1.5 TNT reserves the right to amend these Terms from time to time. Any updates will apply to new Contracts after the effective date of amendment; existing Contracts will remain subject to the version in force at the time they were agreed.

  1. Definitions and interpretation

For clarity and consistency, the following expressions shall have the meanings set out below:

Brief”: the written scope of work agreed between TNT and the Client, or if no written document exists, TNT’s written confirmation of the Client’s instructions.

Contract”: the legally binding agreement formed by these Terms, together with the relevant Proposal, Brief, quotation, or purchase order.

Deliverables”: all outputs, creative materials, campaigns, designs, artwork, code, strategy documents, photography, video, and other items supplied by TNT in the course of providing Services.

Fees”: TNT’s charges for Services, including retainers, day rates, fixed fees, milestone payments, expenses and third-party costs, exclusive of VAT unless otherwise stated.
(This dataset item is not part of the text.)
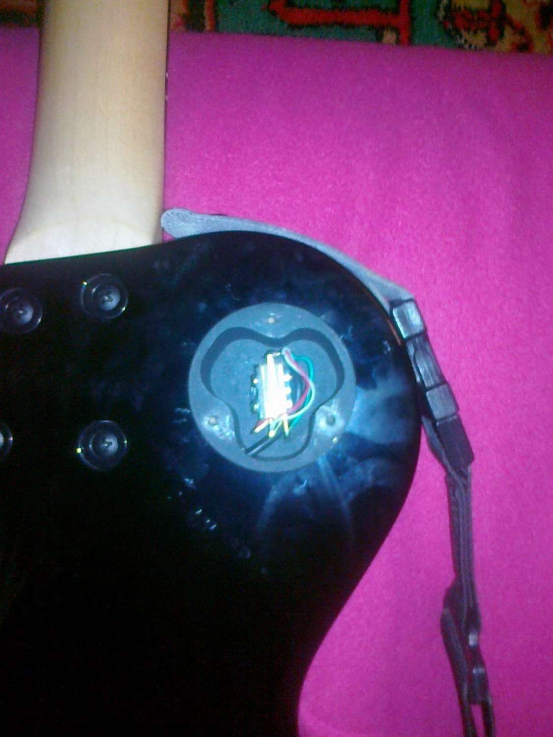 Когда играешь с перегрузом, то шум, естественно будет не сильный, а проявляться он будет в паузах. И еще. На моей гитаре устроено так, что когда рука касается какой-либо из струн, фон исчезает, а когда струны ни с чем не контактирует, то фон появляется. Возможно на твоем бриджеке наоборот, так что менять распайку.

IP Rights”: all intellectual property rights, including copyright, trade marks, design rights, patents, database rights, know-how and all similar rights, whether registered or unregistered and anywhere in the world.

Proposal”: TNT’s written description of Services, costs and timings, whether called a proposal, quotation, or statement of work.

Retainer”: an ongoing arrangement for TNT to provide Services for a fixed fee, period, or number of hours per month.

Services”: the work undertaken by TNT for the Client, whether creative, digital, consultancy, strategic, production, or related.

Headings are for convenience only and do not affect interpretation. Singular includes plural and vice versa. References to legislation include amendments and re-enactments.

  1. TNT’s responsibilities and obligations

3.1 TNT will provide Services with reasonable skill, care and professionalism, consistent with good industry practice.

3.2 TNT will use reasonable endeavours to meet agreed timelines but cannot guarantee exact delivery dates where dependent on Client actions, third-party factors, or external approvals.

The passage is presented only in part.